Jennifer E. Smith has managed, with The Geography of You and Me, to write a YA romance that is a lot more about coming of age and finding your way then it is all the traditional dramaramaof teen love. Frankly, this is a story that readers who have little interest in romance will actually enjoy which is great. It's about connecting with somebody, about finding someone you like and getting to know them (in the most old fashioned of ways - through postcards!) rather than the sort of "he loves me/I love him/maybe I love another him more/tingly kisses/heavy petting" love triangle business that seems to be everywhere. (Not that there's anything wrong with that, of course.)
For a large part of The Geography of You and Me Lucy and Owen aren't even in the same country, let alone dating. The novel dwells more on the sudden connections that people can make and their sometimes surprising staying power. This might make it the most romantic of all scenarios after all but that is neither here nor there. It's a good read with good characters and a lot to say about family and that is what mattered to me and why I enjoyed it.

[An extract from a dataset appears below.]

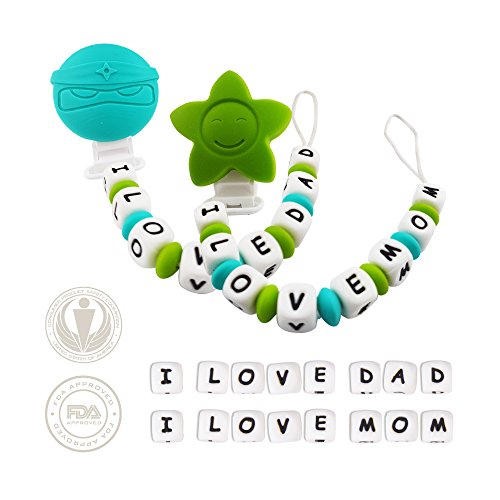 -. Feature : I Love Mom & I Love Dad teethers - Big, soft and chewy beads are made from food grade silicone. The bright colors and shapes are designed to stimulate baby's motor, visual and sensory skills. Easy to be grabbed and handled by little hands, and it enhances baby's hand-to-mouth coordination. With lots of room to chew, it is effective at massaging baby's painful teething gums-put in the refrigerator for added relief. / Lil Teethers are practical teether pacifier clips that also offers the ability to attach easily to teething rings and toys, car seat straps, high chair straps, baby blankets, drool bibs, pacifiers, etc. The clips open and close easily-no sharp clamps that can pinch baby's fingers, and it comes off with a firm tug to prevent damage to baby's clothes. Clean easily with water and soap, or put in the top rack of the dishwasher. / Lil Teethers are hand-made, and offers excellent gum stimulation and the development of heathy teeth. It has been passed by the FDA, CPSC, California Prop 65, as well as Canadian, Australian and European authorities as a safe, food grade silicone teether/ pacifier clip for baby. It is non-toxic, BPA Free, no phthalates, cadmium, lead or metals. / Versatile and functional, this is a great gift for teething babies. / Soft, flexible, and non-porous-it is an essential for teething babies. Proudly sold with a Manufacturers - No Questions Asked - Money Back Guarantee. Read the description below for more details.

Lucy and Owen meet in an elevator in their NYC apartment building during a power failure. Lucy's wealthy parents are in London, her older brothers have just left for college and she is alone. Owen's father is the building's new superintendent, his much loved mother recently died in accident and he has just moved to the city. They have little in common but proximity and general niceness means they end up talking for hours. After being rescued their conversation continues and it looks like a relationship might develop. But then Lucy is whisked away to London to join her parents and Owen's father loses his job and they embark a on road trip west. Just like that the teens end up separated by thousands of miles with postcards (and occasional emails) providing their only link.
Smith has created very likeable characters and the plot is unique - cute meet, but separated long before anything meaningful develops. Their parents are kind people although all going through their own issues (which are worked out along the way), and Lucy and Owen are not so caught up in each other that they pine away; both actually end up dating other people. But there is something there, something that prevents them from severing ties with each other. Exploring that potential, as well as their own futures (each is thinking of college), is what propels the narrative along. The ending is happy but not all tied up. Mostly, it is an ending with possibility which is what makes The Geography of You and Me one of the more realistic YA titles I have read in a long long time.